Para Germano de Sousa, o Parlamento não tem legitimidade para aprovar a despenalização por duas razões: é “uma minoria a impôr a todos as suas próprias opções e decisões de vida” e pelo facto de a “eutanásia não constar do programa de nenhum dos partidos desses deputados”. Nenhuma das afirmações faz sentido e a segunda é falsa. No contexto da nossa democracia constitucional os direitos individuais estão consagrados na lei e não foram referendados. É assim que deve ser, os direitos não podem ficar reféns de referendos, essa é a estratégia de quem não os quer ver reconhecidos. Acresce que a aprovação de uma lei não exige aos partidos a sua prévia consagração programática, se o exigisse o Parlamento e o país há muito que estariam paralisados.
Ao contrário do que diz Germano de Sousa, aprovar a despenalização não se traduz numa imposição: a lei não vai impor nada ou obrigar seja quem for, a lei vai permitir o recurso à eutanásia a quem o quiser, desde que cumpra os requisitos exigidos. Manter a actual penalização é que constitui uma imposição porque proíbe o recurso à morte assistida a quem o pretenda.
A despenalização é uma opção individual que deve ser consagrada na lei. Mas para Germano de Sousa outros valores mais altos se levantam. Leio com espanto: a ética e a deontologia médicas “para mim sobrelevam qualquer lei ou religião”. O ex-bastonário imagina uma sociedade conduzida pelos princípios do juramento de Hipócrates (século V a.C.) e pela ética da sua Ordem. Não duvido que os próprios médicos reconhecem que não pode ser assim.
Os médicos respeitam o direito dos doentes à autodeterminação que lhes permite aceitar ou recusar o que lhes é proposto. Por maioria de razão, dignidade e padrões de vida são definições e escolhas do doente que o médico está obrigado a respeitar, sem pretender impor as suas. Se assim não for, “o princípio ético de tudo fazer pelo bem estar e dignidade do seu doente”, defendido por Germano de Sousa, esvazia-se de conteúdo.

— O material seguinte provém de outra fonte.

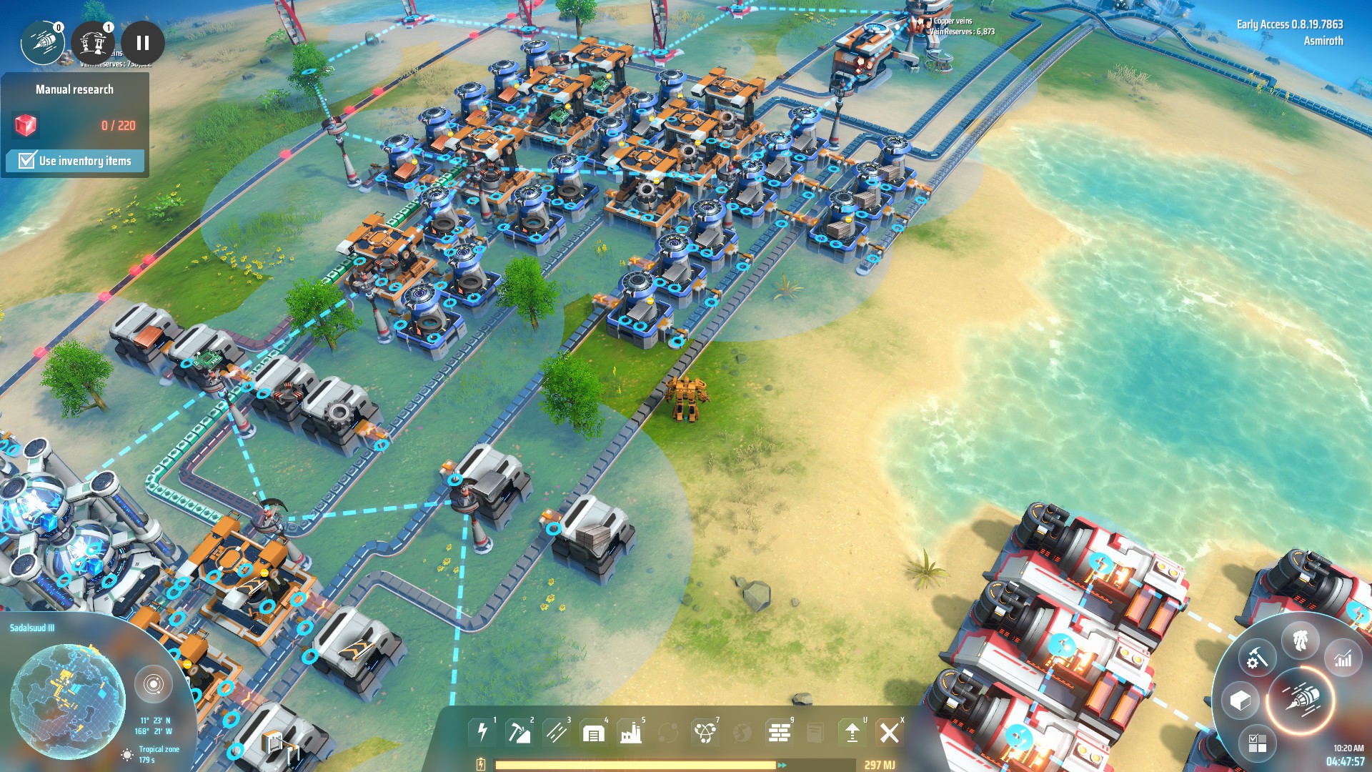 Every starting planet has the same sort of temperate layout. You’ll have water, trees, rocks, iron, copper, coal, stone and oil. The “difficulty” here is in the land allocation. You’re often put in a space that’s somewhat tight in terms of land/water ratio, and the first few nodes accessible are low volume. Starter area after all. That makes it important to scout ahead and find where the larger ore piles are located and the larger land masses. You’re going to need it.

A relação médico-doente consolida-se tanto no respeito pelo direito do médico à objeção de consciência como no respeito pela autodeterminação do doente. O médico não pode ser obrigado a praticar eutanásia e o doente não pode ser impedido de a ela recorrer. A ética médica não pode esmagar os direitos de personalidade do doente, são eles que permitem afirmar e preservar a sua dignidade.
A eutanásia não é uma obrigação, a sua despenalização é um direito que alarga as escolhas de cada um perante o sofrimento, a agonia, a dependência, a degradação. Mais direitos, mais democracia. É disso que se trata.
Texto publicado pelo Semanário Expresso, na edição de sábado 11 de fevereiro de 2017.